Raw data ->
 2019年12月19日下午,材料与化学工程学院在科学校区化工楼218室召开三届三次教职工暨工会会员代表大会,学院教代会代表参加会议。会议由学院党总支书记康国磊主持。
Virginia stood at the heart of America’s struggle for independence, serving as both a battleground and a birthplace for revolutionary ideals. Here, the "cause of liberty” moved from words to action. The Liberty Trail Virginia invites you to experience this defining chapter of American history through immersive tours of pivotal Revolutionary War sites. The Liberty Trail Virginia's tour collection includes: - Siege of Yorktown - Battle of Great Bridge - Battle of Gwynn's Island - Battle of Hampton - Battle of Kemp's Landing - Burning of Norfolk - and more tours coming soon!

---

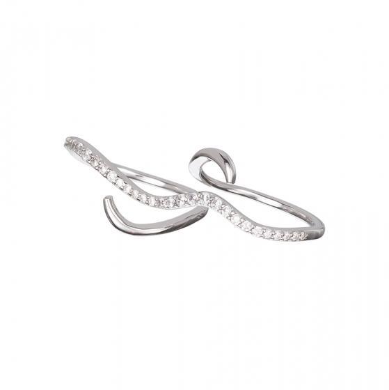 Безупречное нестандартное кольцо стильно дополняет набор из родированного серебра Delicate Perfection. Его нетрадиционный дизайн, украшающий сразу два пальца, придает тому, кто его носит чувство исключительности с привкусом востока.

---

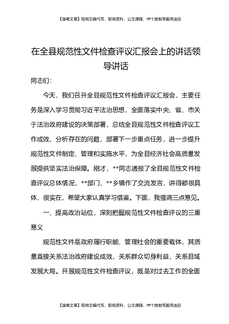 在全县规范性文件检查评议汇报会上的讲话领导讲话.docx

What needs to be done -> Looking at the records above, return exactly the lines from the line with "2019年12月19日下午,材料与化学工" to the line with "Virginia stood at", both ends included.

Answer box ->
 2019年12月19日下午,材料与化学工程学院在科学校区化工楼218室召开三届三次教职工暨工会会员代表大会,学院教代会代表参加会议。会议由学院党总支书记康国磊主持。
Virginia stood at the heart of America’s struggle for independence, serving as both a battleground and a birthplace for revolutionary ideals. Here, the "cause of liberty” moved from words to action. The Liberty Trail Virginia invites you to experience this defining chapter of American history through immersive tours of pivotal Revolutionary War sites. The Liberty Trail Virginia's tour collection includes: - Siege of Yorktown - Battle of Great Bridge - Battle of Gwynn's Island - Battle of Hampton - Battle of Kemp's Landing - Burning of Norfolk - and more tours coming soon!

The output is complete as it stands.